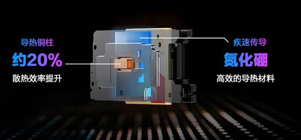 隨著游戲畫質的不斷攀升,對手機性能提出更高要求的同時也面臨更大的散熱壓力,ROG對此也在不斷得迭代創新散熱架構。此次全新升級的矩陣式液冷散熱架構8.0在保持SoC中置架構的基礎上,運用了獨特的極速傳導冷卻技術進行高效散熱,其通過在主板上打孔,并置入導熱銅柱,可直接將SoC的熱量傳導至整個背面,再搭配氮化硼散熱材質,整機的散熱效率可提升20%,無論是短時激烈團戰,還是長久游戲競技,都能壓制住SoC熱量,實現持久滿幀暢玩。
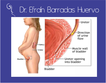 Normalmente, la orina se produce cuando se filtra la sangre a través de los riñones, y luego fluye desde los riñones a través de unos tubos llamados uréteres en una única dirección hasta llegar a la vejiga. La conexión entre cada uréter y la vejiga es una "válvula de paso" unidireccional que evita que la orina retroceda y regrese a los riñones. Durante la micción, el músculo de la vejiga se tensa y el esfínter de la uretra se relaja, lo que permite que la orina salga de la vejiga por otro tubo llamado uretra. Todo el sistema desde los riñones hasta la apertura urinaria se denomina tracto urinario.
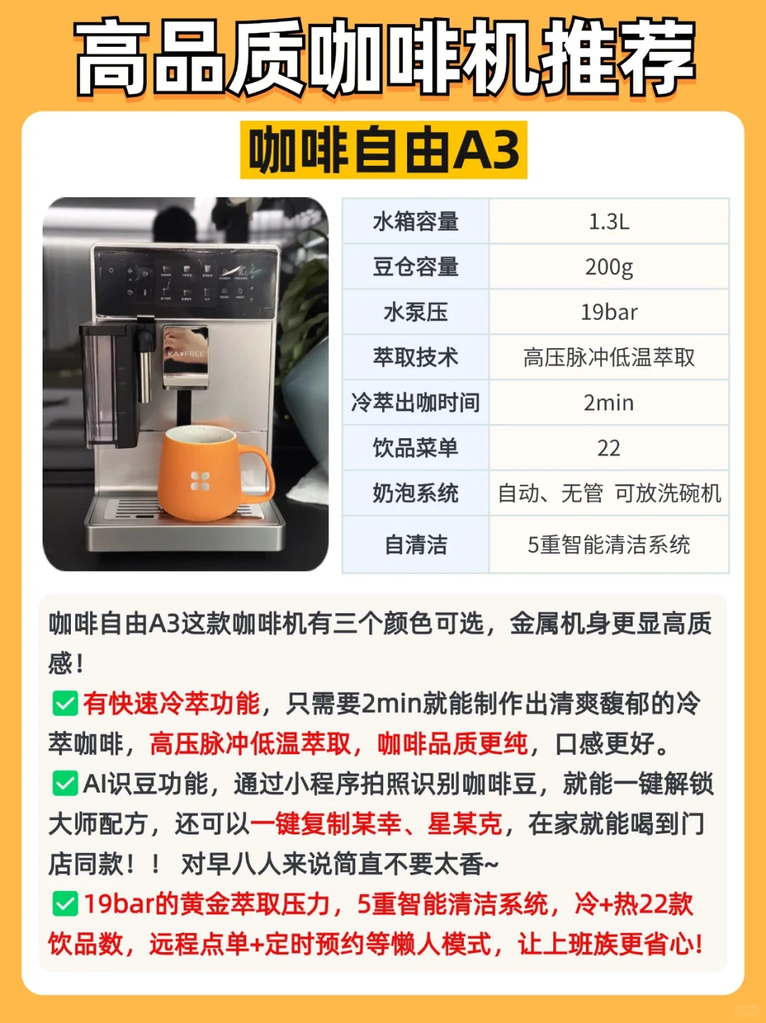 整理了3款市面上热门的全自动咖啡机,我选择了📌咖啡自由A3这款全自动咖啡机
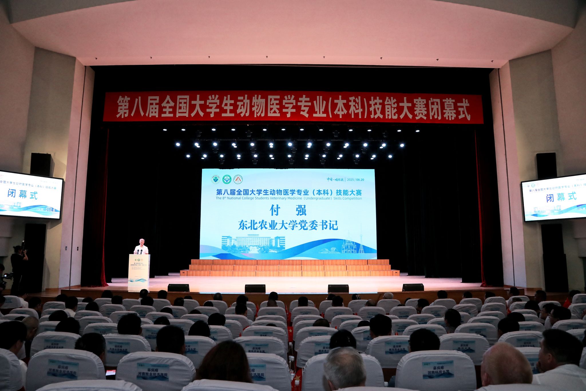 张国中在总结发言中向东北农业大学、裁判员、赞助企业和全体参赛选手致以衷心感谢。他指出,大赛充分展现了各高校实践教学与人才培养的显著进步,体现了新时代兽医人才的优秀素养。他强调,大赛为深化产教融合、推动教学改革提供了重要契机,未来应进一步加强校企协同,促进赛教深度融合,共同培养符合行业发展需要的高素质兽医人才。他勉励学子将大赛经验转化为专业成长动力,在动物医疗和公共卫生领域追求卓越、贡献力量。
——————————
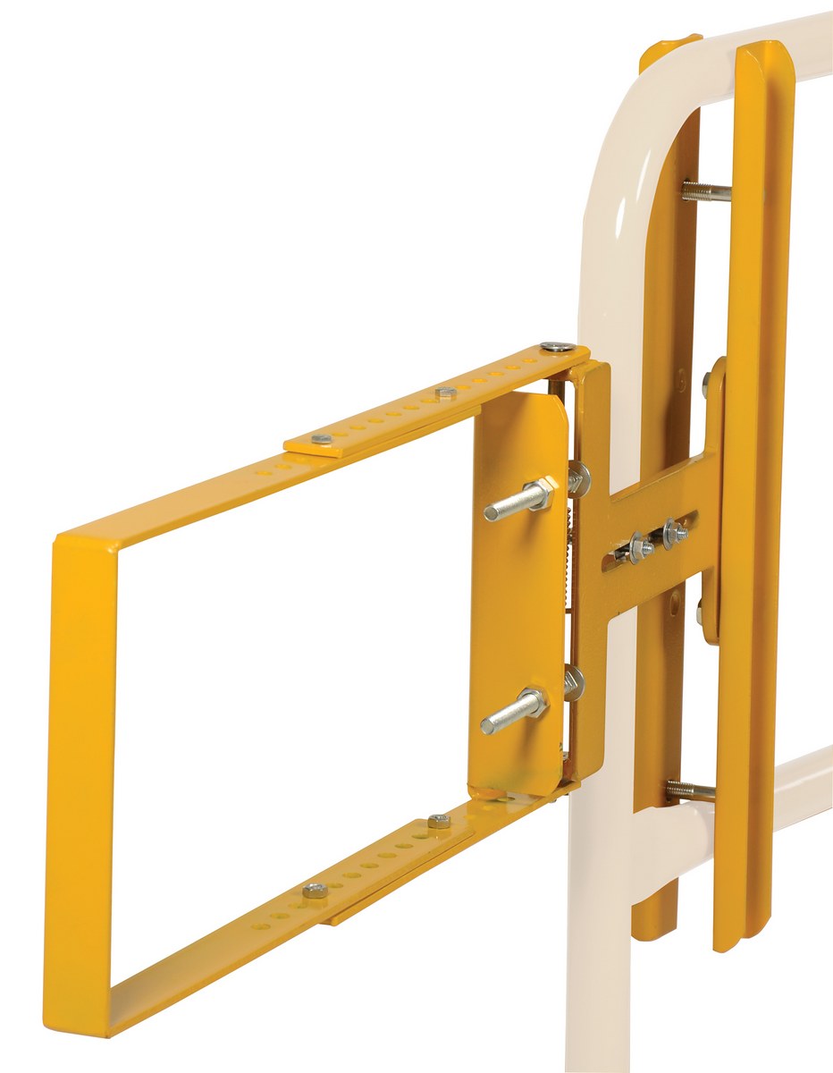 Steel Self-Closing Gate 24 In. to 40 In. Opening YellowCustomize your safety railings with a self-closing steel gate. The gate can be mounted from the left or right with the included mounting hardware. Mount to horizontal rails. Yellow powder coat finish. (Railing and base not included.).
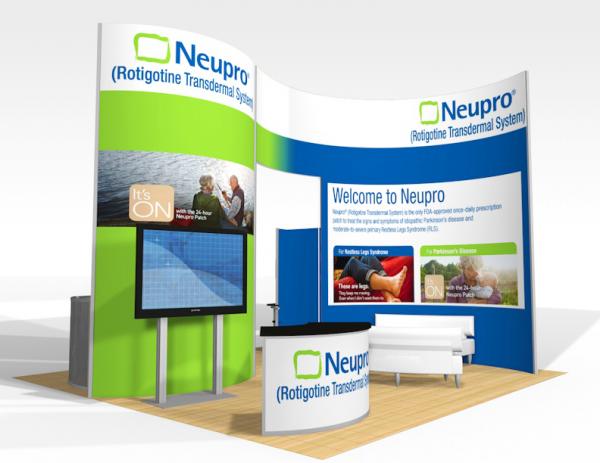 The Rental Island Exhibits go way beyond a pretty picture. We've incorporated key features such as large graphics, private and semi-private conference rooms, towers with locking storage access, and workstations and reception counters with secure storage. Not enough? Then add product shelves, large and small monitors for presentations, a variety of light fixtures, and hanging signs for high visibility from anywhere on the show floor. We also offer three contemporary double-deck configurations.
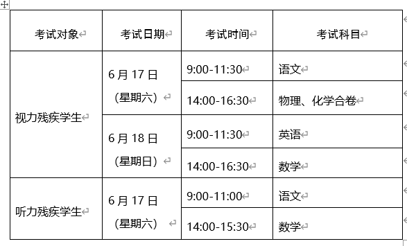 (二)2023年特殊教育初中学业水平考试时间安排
——————————
Repeat exactly the stretch of the listing above that starts with the line holding "隨著游戲畫質的不斷攀升,對手" and finishes with the line holding "张国中在总结发言中向东北农业", both included. Skip every picture.

 隨著游戲畫質的不斷攀升,對手機性能提出更高要求的同時也面臨更大的散熱壓力,ROG對此也在不斷得迭代創新散熱架構。此次全新升級的矩陣式液冷散熱架構8.0在保持SoC中置架構的基礎上,運用了獨特的極速傳導冷卻技術進行高效散熱,其通過在主板上打孔,并置入導熱銅柱,可直接將SoC的熱量傳導至整個背面,再搭配氮化硼散熱材質,整機的散熱效率可提升20%,無論是短時激烈團戰,還是長久游戲競技,都能壓制住SoC熱量,實現持久滿幀暢玩。
 Normalmente, la orina se produce cuando se filtra la sangre a través de los riñones, y luego fluye desde los riñones a través de unos tubos llamados uréteres en una única dirección hasta llegar a la vejiga. La conexión entre cada uréter y la vejiga es una "válvula de paso" unidireccional que evita que la orina retroceda y regrese a los riñones. Durante la micción, el músculo de la vejiga se tensa y el esfínter de la uretra se relaja, lo que permite que la orina salga de la vejiga por otro tubo llamado uretra. Todo el sistema desde los riñones hasta la apertura urinaria se denomina tracto urinario.
 整理了3款市面上热门的全自动咖啡机,我选择了📌咖啡自由A3这款全自动咖啡机
 张国中在总结发言中向东北农业大学、裁判员、赞助企业和全体参赛选手致以衷心感谢。他指出,大赛充分展现了各高校实践教学与人才培养的显著进步,体现了新时代兽医人才的优秀素养。他强调,大赛为深化产教融合、推动教学改革提供了重要契机,未来应进一步加强校企协同,促进赛教深度融合,共同培养符合行业发展需要的高素质兽医人才。他勉励学子将大赛经验转化为专业成长动力,在动物医疗和公共卫生领域追求卓越、贡献力量。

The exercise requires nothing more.